[TASK TO CARRY OUT]
Pictures in the entries below are to be left out; otherwise, reproduce exactly the lines from the first through the line containing "Провод электрический ПуГВ".

[DATA RECORDS]
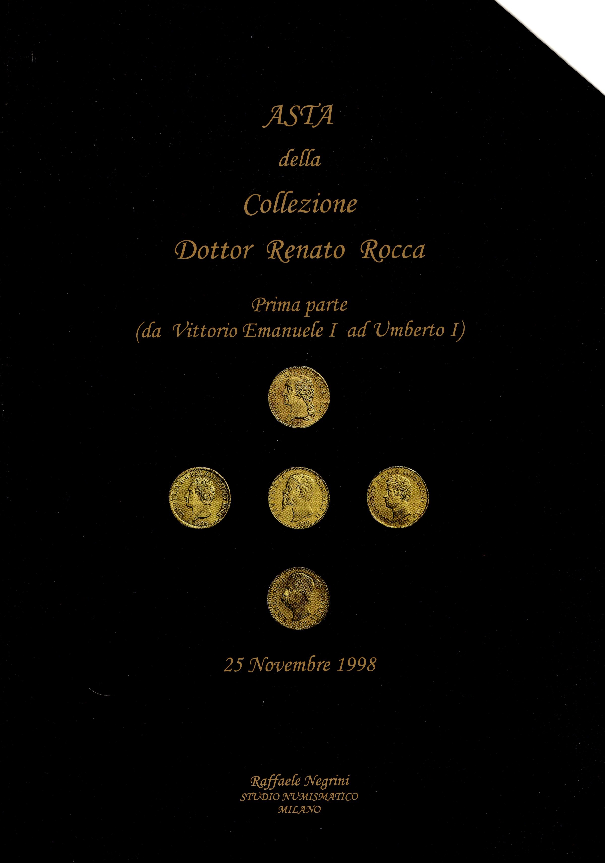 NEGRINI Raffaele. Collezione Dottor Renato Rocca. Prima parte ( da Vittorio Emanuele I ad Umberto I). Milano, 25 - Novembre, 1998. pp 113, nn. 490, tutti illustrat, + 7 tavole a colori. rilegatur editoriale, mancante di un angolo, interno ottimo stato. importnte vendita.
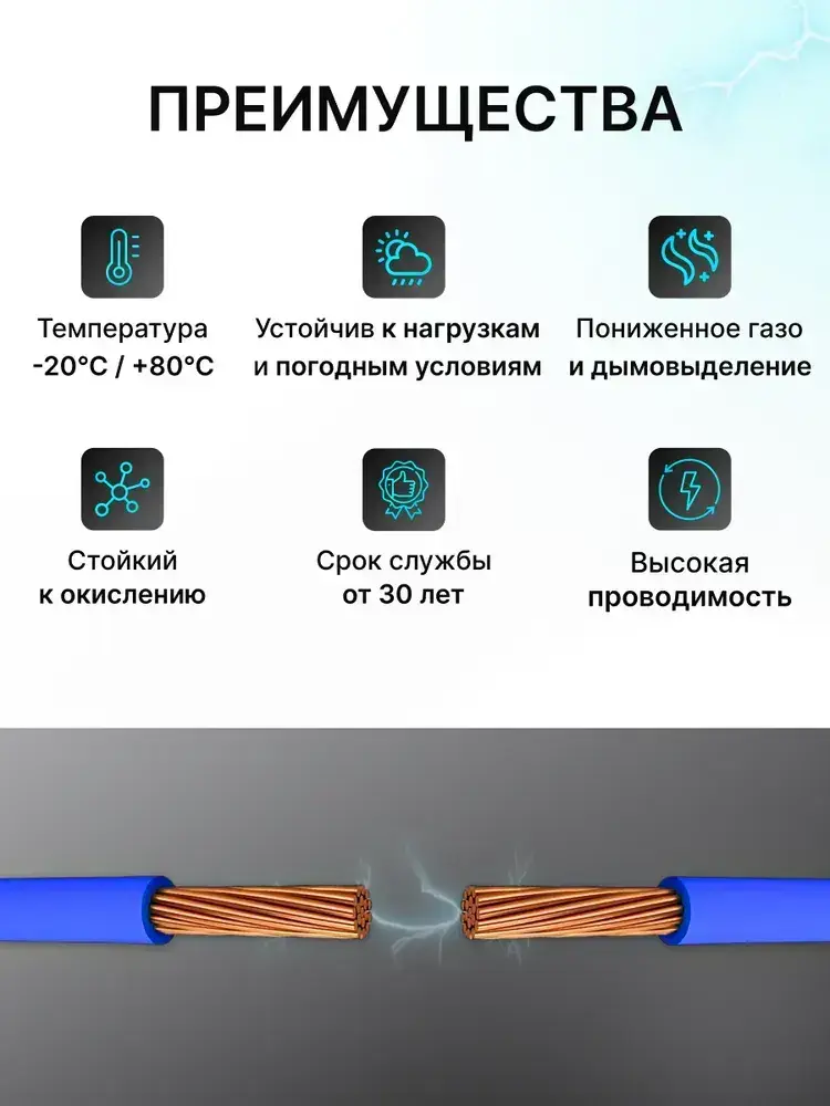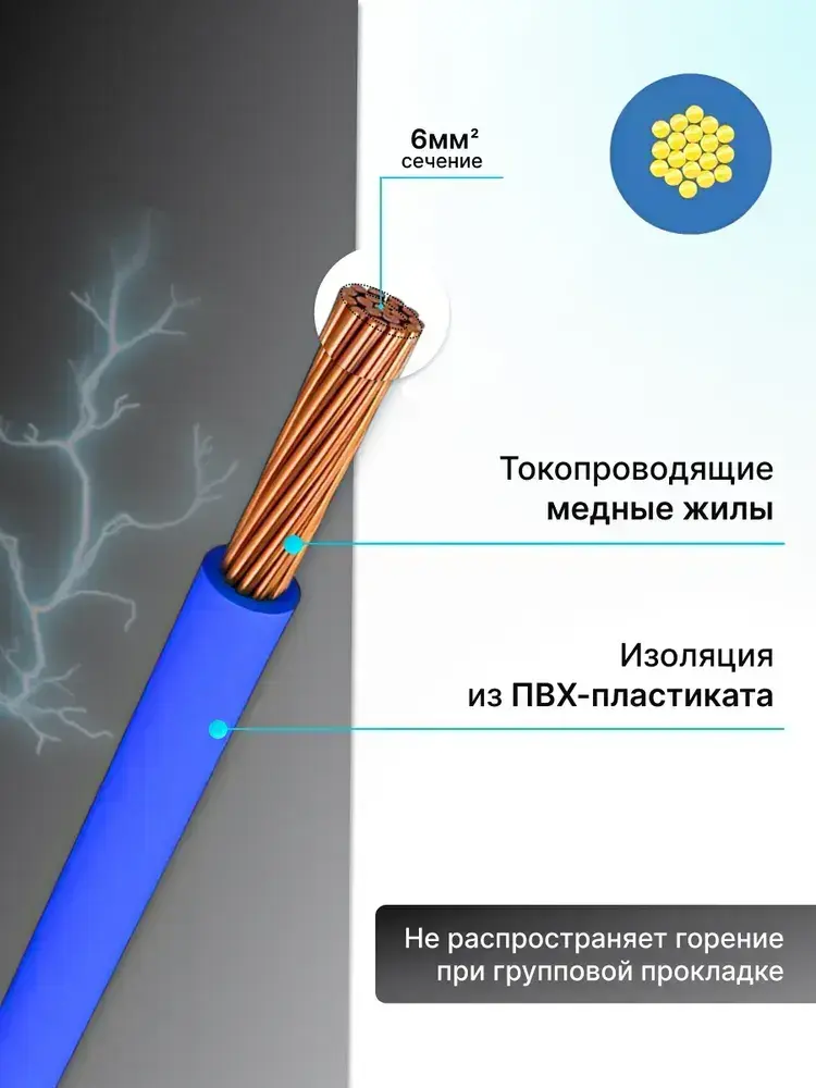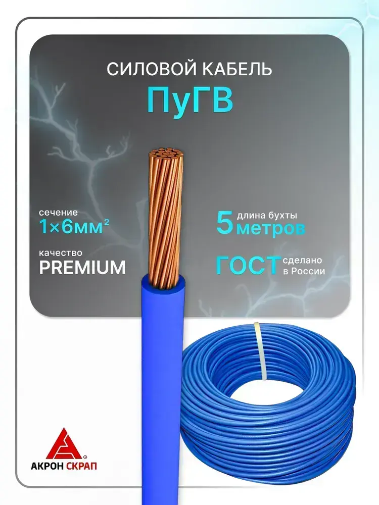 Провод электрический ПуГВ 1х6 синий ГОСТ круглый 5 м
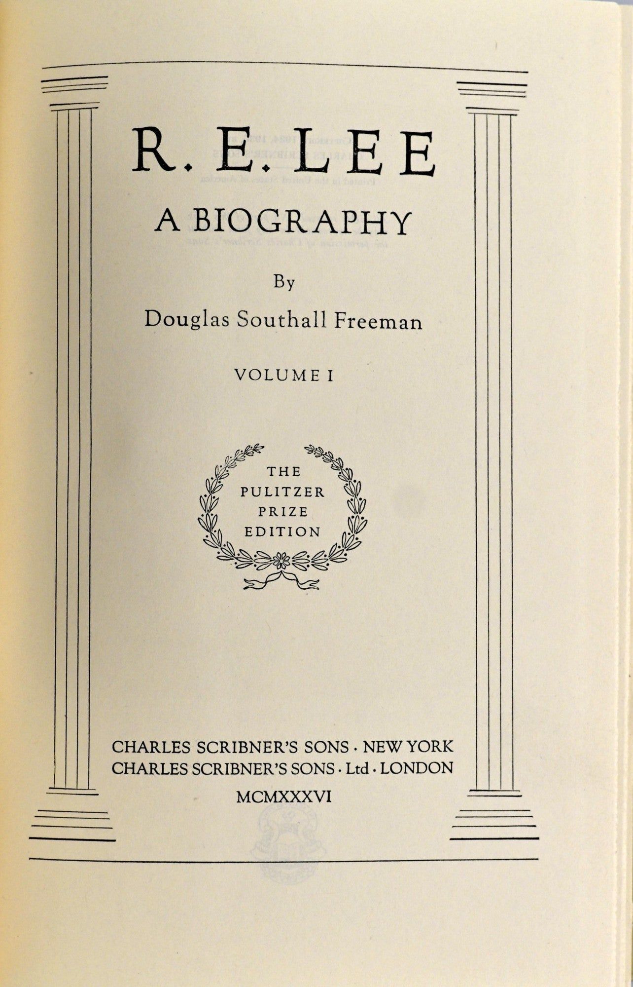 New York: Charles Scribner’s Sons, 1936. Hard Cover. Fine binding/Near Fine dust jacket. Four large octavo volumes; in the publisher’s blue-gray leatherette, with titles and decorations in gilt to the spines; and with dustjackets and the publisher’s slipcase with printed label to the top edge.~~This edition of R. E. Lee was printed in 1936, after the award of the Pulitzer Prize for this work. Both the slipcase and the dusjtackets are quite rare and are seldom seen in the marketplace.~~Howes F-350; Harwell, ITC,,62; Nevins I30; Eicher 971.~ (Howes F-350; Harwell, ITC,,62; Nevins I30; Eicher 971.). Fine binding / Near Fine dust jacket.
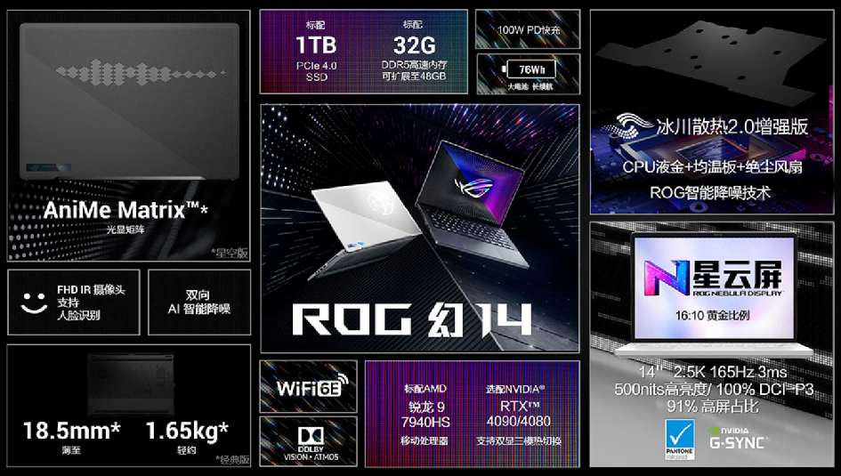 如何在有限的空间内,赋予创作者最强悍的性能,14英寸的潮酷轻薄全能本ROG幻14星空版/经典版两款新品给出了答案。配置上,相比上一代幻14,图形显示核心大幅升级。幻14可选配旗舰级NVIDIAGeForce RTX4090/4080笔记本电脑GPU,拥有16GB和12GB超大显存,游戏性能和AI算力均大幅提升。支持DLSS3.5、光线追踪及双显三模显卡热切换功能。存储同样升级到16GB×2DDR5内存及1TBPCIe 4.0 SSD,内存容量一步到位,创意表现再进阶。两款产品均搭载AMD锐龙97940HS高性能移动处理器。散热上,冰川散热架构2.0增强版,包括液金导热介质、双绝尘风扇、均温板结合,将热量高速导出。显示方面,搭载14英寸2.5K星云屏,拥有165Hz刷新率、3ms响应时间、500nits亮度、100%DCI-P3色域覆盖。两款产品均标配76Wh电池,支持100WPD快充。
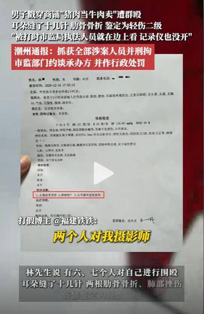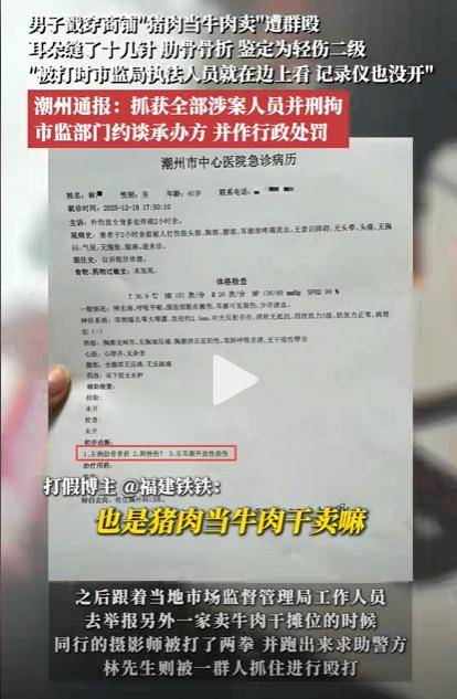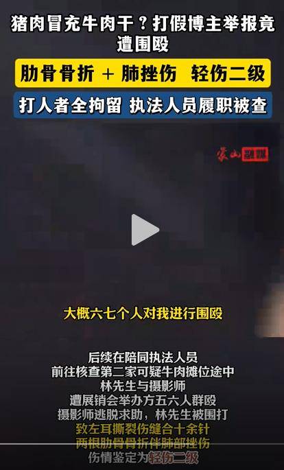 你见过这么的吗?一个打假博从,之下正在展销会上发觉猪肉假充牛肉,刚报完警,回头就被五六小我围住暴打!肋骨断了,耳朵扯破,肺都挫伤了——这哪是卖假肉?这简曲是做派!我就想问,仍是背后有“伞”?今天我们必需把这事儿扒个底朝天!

[RESPONSE]
 NEGRINI Raffaele. Collezione Dottor Renato Rocca. Prima parte ( da Vittorio Emanuele I ad Umberto I). Milano, 25 - Novembre, 1998. pp 113, nn. 490, tutti illustrat, + 7 tavole a colori. rilegatur editoriale, mancante di un angolo, interno ottimo stato. importnte vendita.
 Провод электрический ПуГВ 1х6 синий ГОСТ круглый 5 м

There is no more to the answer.